I have a very tame male cockatiel around a year old who loves to sit with me and be pet. But then suddenly he goes psycho bird does the "big eagle" thing with his wings and starts hissing and biting the heck out of everything. I'll put him back in the cage and he'll start biting the female bird too who he usual gets along just fine with. I know he's not scared or defensive. It's definitely aggressive and it comes in spurts and goes away. Any idea why and what I can do to discourage it?

I clipped his wings previously and it might've helped tone him down a bit but the feathers grew back really quick and he flies just fine again.


----------



## Janalee (Jul 25, 2012)

*aggressive 'tiel*

Sounds to me like he's hormonal. Even the sweetest 'tiel can turn into a little monster when those hormones act up. He's about the right age. Someone has posted a link on here about hormones and how to reduce their influence on your bird, but I am not sure where it is. Hopefully they'll post it again. Increasing the number of hours of darkness can help (covering your bird's cage for a longer time.)


----------



## SilverSage (Oct 19, 2014)

First, is he actually BITING, like hard enough to hurt, or is he just lunging and screeching and Neal slapping?

Second, have you been to the vet yet for gram stains to rule out an infection?


Sent from my iPhone using Tapatalk


----------



## albinosilver (Aug 26, 2017)

For the most part he kinda nibbles or strikes with an open beak.

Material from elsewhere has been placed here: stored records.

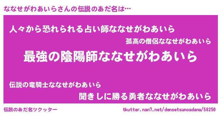 | 男性向けラノベタイトル風あだ名 | 『この素晴らしい世界にななせがわあいらを!』 |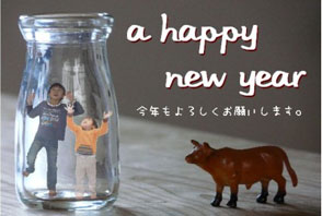 毎年年賀状は気合を入れているので、11月ごろから案を考えるのですが、今年は3案思いつき最終的にこれになりました。牛→牛乳→牛乳瓶?と連想ゲームのように考えていきこの形になりました。子供たちにこのポーズをさせるのが一番難しかったです。 |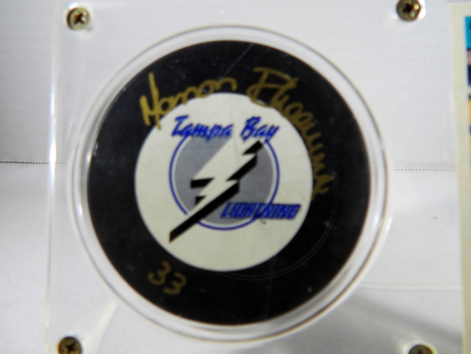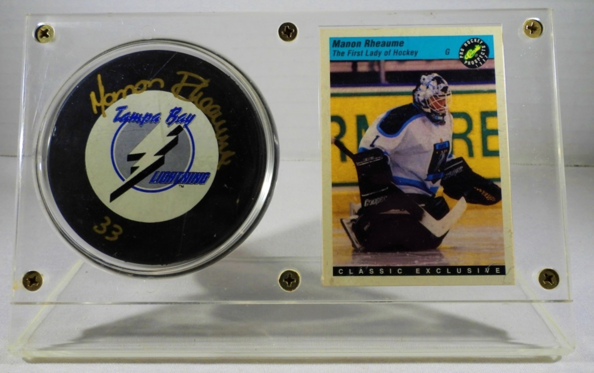MANON RHEAUME AUTOGRAPHED HOKCEY PUCK WITH 1993 TRADING CARD (CARD NOT SIGNED). NO COA / UNVERIFIED. COMES IN A VERY NICE PLASTIC STAND.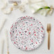 Baseball Confetti, Transparent-PAPER PARTY PLATES-Tiny little baseballs created in assorted red, white and blue patterns cover the surface of the number card holder. Punched out confetti dot patterns mix in with the baseballs. The word Boston is written on some of the balls, others have no text. The background is transparent. This design is also available with a red, blue; grey and pinstripes background. No specific holiday or event is written on the design. It can be used for any baseball themed event. Coordinating mix and match baseball supplies is available. Choose any size/style of Zazzle plates available.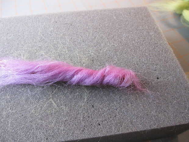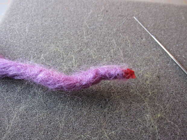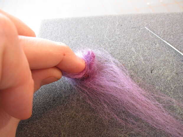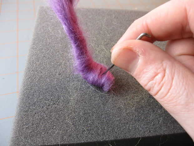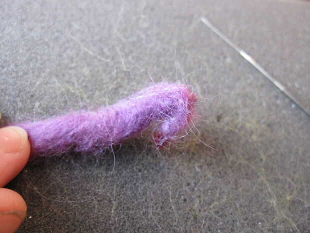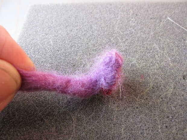 Doblar el extremo de la pata en un gancho apretado, y doblar el gancho para que forme un ángulo recto con la pierna. Envolver el gancho con la vagueación lila y sentí cuidadosamente en su lugar para formar un pie.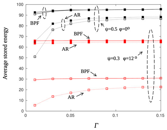 Average stored energy for particle filter (solid line) and AR filter (dotted line), with parameters , , m, , (black lines), and , (red lines). Filled squares mark both threshold and energy criteria (Cr. 35), squares mark only threshold criteria (Cr. 36).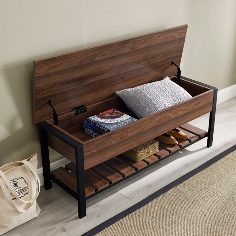 Outfit your entryway ensemble with traditional style using this versatile storage bench as your base. Crafted from a metal frame, it features a rectangular wooden seat in a natural woodgrain finish for a touch of rustic appeal. Plus, it sports a slatted shelf below for keeping a few pairs of your favorite footwear organized and out of the way. Best of all, the seat lifts reveal storage space inside to help keep clutter under control.

It's never hurt me.

Haven't been to the vet as he's not showing any signs of illness


----------



## roxy culver (May 27, 2010)

Definitely sounds hormonal. Males around this age go through a bratty teenage stage and can be real jerks. Hormone control will help cool him down.


----------



## albinosilver (Aug 26, 2017)

They get at least 12 hours of darkness already. Will this behaviour go away when he's older?


----------



## Vickitiel (Oct 10, 2012)

Hormones... males get nasty. The aggression should lessen as he matures, but for the first few years their hormones run rampant from the start of puberty. As long as he's not hurting anyone it's normal.


----------



## roxy culver (May 27, 2010)

You can up it to 14 hours OR try 24 hours of light all the time to see if that doesn't throw him off.


----------



## Oztiel (Sep 5, 2014)

Some male birds, not all ,like to squabble and spar with each other. Mine will fly across the room for a fight or squabble. All I need to do is make a "beak " with my index finger and thumb and Matey instantly fly across and engage me with open wings and snapping beak. 
I nip him(gently) with my "beak" and a make fighting noises and he will squeek ,flapand vocalise as we to and fro in our "battle"
Its a big game with us, he has never bitten hard and a minute after our "fight he will nudge his way into my hand for a a scrootch.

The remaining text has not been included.